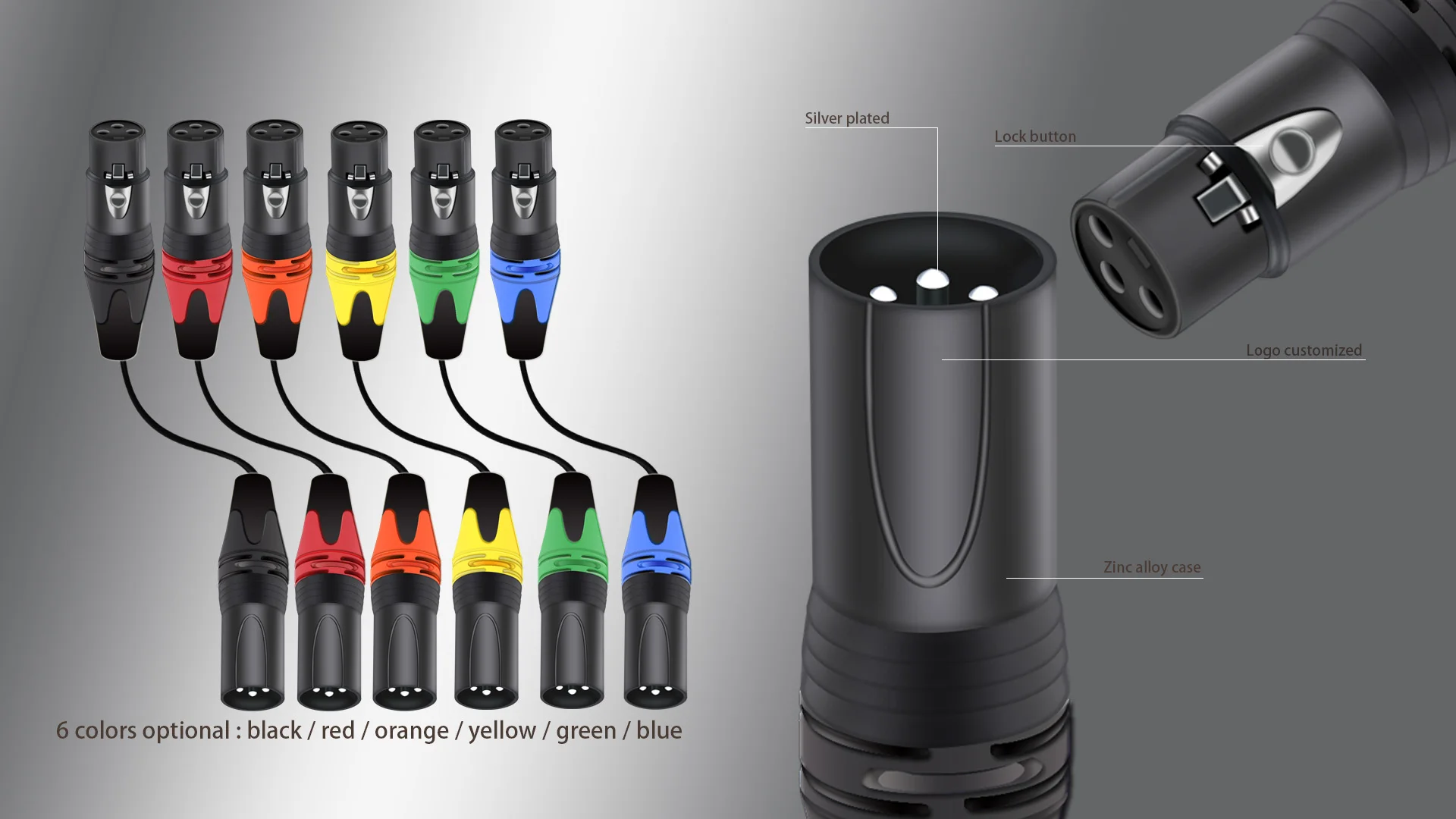 Cable de micrófono XLR macho a hembra de 3 pines multicolor, cobre sin oxígeno (OFC) para equipos de audio y sonido
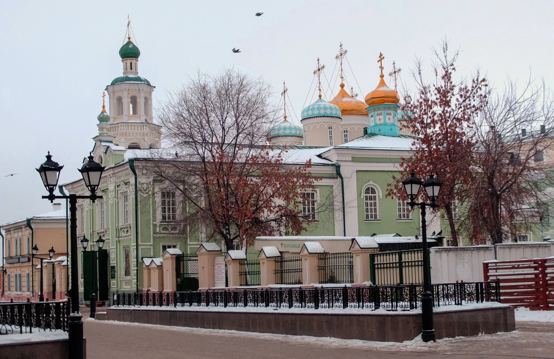 На представленной фотографии запечатлён зимний вид Никольского кафедрального собора, одного из значимых православных храмов Казани. Снимок передаёт благоговейную атмосферу святого места в холодное время года, когда снежный покров мягко укутывает церковные дворы и подчёркивает величественность архитектурного ансамбля.
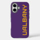 The University at Albany wordmark features bold, geometric typography in purple with gold outlines. The text is written in all capital letters, forming a strong and modern style that emphasizes the university's identity. The angular lines and sharp edges of the font create a sense of power and professionalism. The gold outline adds a touch of prestige and visibility, making the wordmark stand out on both light and dark backgrounds. This design is perfect for branding athletic teams, merchandise, and university-related media.
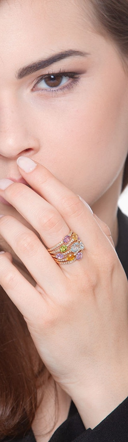Goldring mit Edelsteinen 18K Roségold Rainbow Kollektion
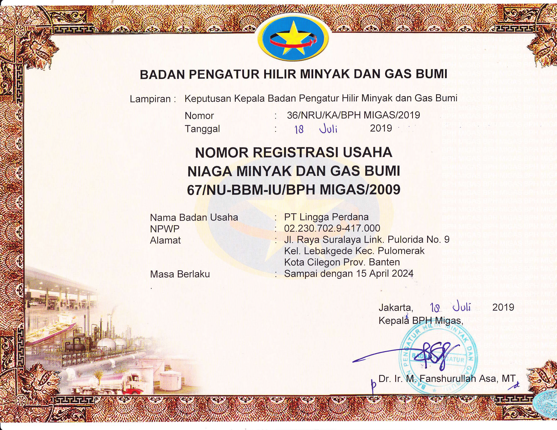 PT Lingga Perdana adalah agen resmi yang memiliki izin niaga umum untuk penyaluran BBM, menjamin keaslian dan legalitas produk yang disalurkan.
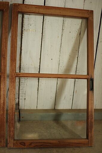 古い小ぶりな木枠の格子ガラス戸2枚セット
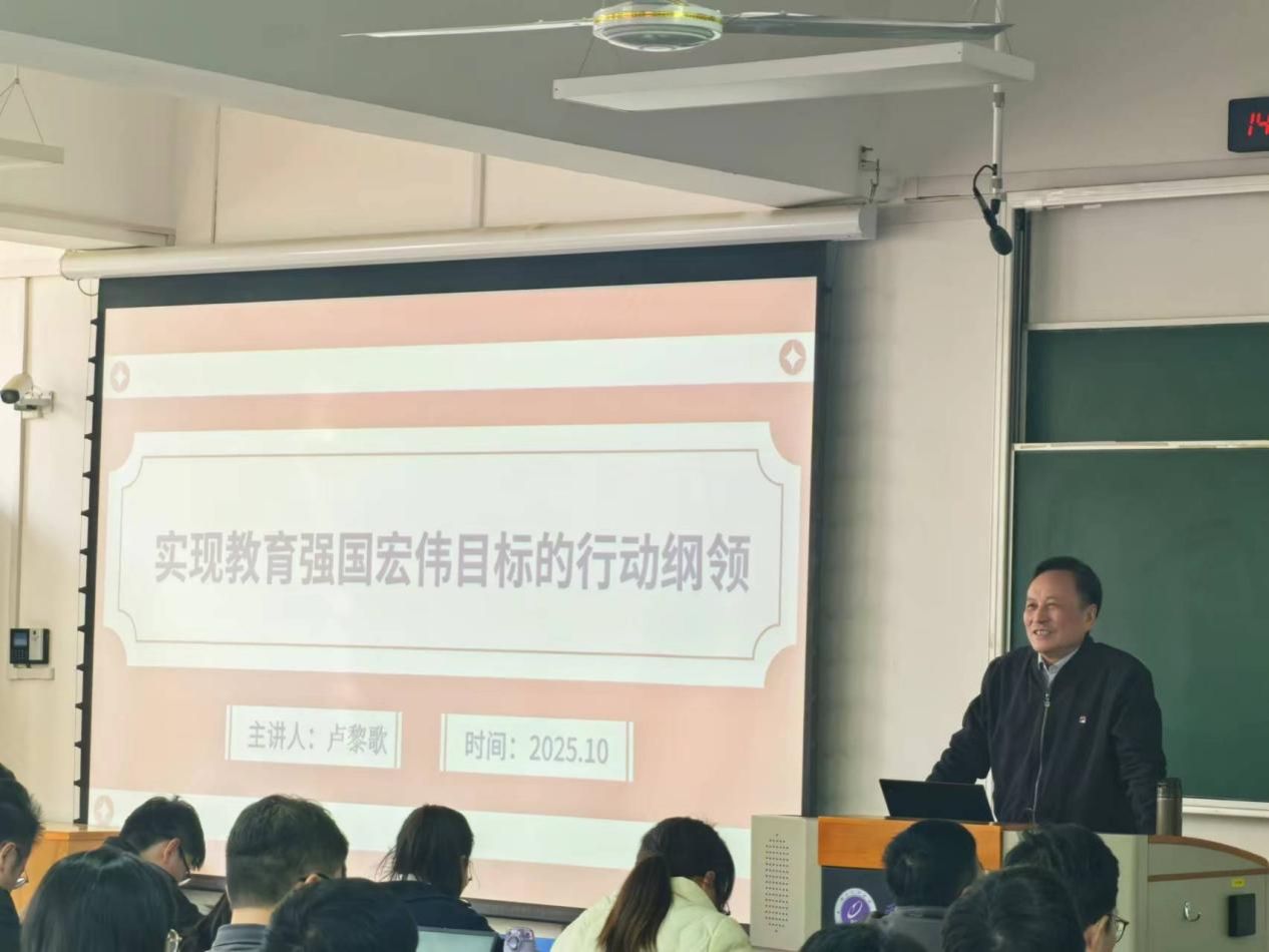 “深化教育综合改革是建设教育强国的关键”,卢黎歌教授讲解了《纲要》提出的深化教育评价改革、完善人才培养机制、提升依法治教水平、健全教育战略性投入机制、构建教育科技人才一体统筹推进机制等五项关键改革举措,并对一线教师立足本职,抓好谋划落实提出意见建议,同时强调,“教育关系千家万户,实施好《纲要》是全社会的共同责任。”
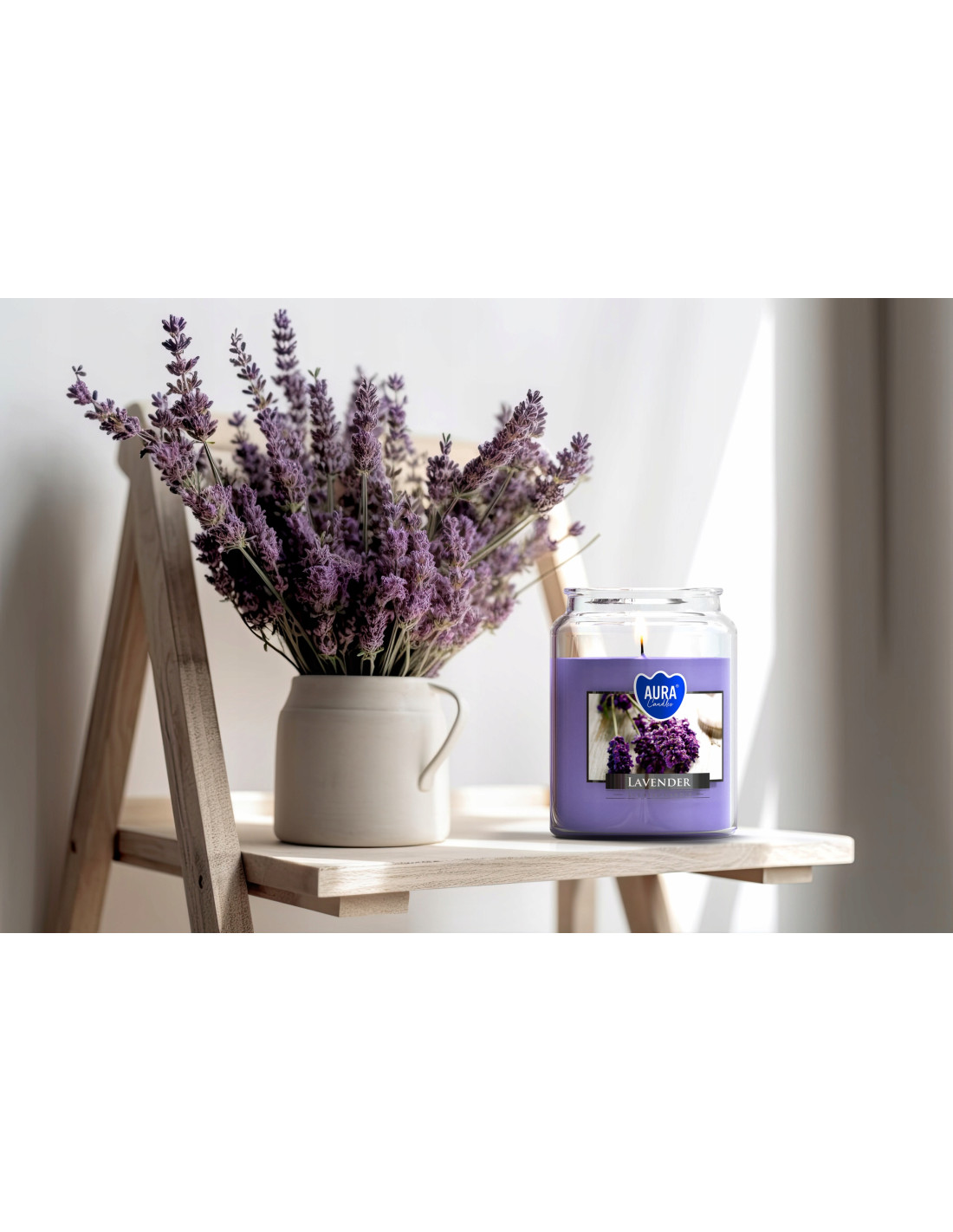 Świeca zapachowa marki Aura o klasycznym, pięknym zapachu lawendy. Jej aromaty to połączenie nuty ziołowej, drzewa różanego oraz bobu tonka. Zapach ten kojarzy się z relaksem i spokojem będąc popularnym w aromaterapii jako środek łagodzący stres. Lawenda może stanowić naturalną metodę na zmniejszenie liczby owadów w pobliżu. Jest również jednym z najpopularniejszych aromatów w kategorii świec zapachowych.
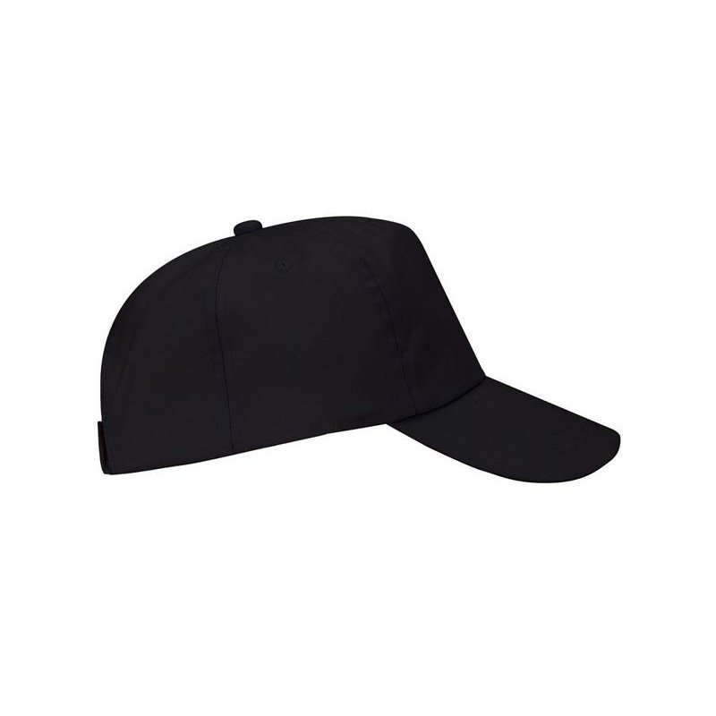Бейсболка из 5 панелей, два вышитых вентиляционных люверса. Застежка на липучку.
+ + +
The answer should consist of every line above, exact and free of images.

 Cable de micrófono XLR macho a hembra de 3 pines multicolor, cobre sin oxígeno (OFC) para equipos de audio y sonido
 На представленной фотографии запечатлён зимний вид Никольского кафедрального собора, одного из значимых православных храмов Казани. Снимок передаёт благоговейную атмосферу святого места в холодное время года, когда снежный покров мягко укутывает церковные дворы и подчёркивает величественность архитектурного ансамбля.
 The University at Albany wordmark features bold, geometric typography in purple with gold outlines. The text is written in all capital letters, forming a strong and modern style that emphasizes the university's identity. The angular lines and sharp edges of the font create a sense of power and professionalism. The gold outline adds a touch of prestige and visibility, making the wordmark stand out on both light and dark backgrounds. This design is perfect for branding athletic teams, merchandise, and university-related media.
Goldring mit Edelsteinen 18K Roségold Rainbow Kollektion
 PT Lingga Perdana adalah agen resmi yang memiliki izin niaga umum untuk penyaluran BBM, menjamin keaslian dan legalitas produk yang disalurkan.
 古い小ぶりな木枠の格子ガラス戸2枚セット
 “深化教育综合改革是建设教育强国的关键”,卢黎歌教授讲解了《纲要》提出的深化教育评价改革、完善人才培养机制、提升依法治教水平、健全教育战略性投入机制、构建教育科技人才一体统筹推进机制等五项关键改革举措,并对一线教师立足本职,抓好谋划落实提出意见建议,同时强调,“教育关系千家万户,实施好《纲要》是全社会的共同责任。”
 Świeca zapachowa marki Aura o klasycznym, pięknym zapachu lawendy. Jej aromaty to połączenie nuty ziołowej, drzewa różanego oraz bobu tonka. Zapach ten kojarzy się z relaksem i spokojem będąc popularnym w aromaterapii jako środek łagodzący stres. Lawenda może stanowić naturalną metodę na zmniejszenie liczby owadów w pobliżu. Jest również jednym z najpopularniejszych aromatów w kategorii świec zapachowych.
Бейсболка из 5 панелей, два вышитых вентиляционных люверса. Застежка на липучку.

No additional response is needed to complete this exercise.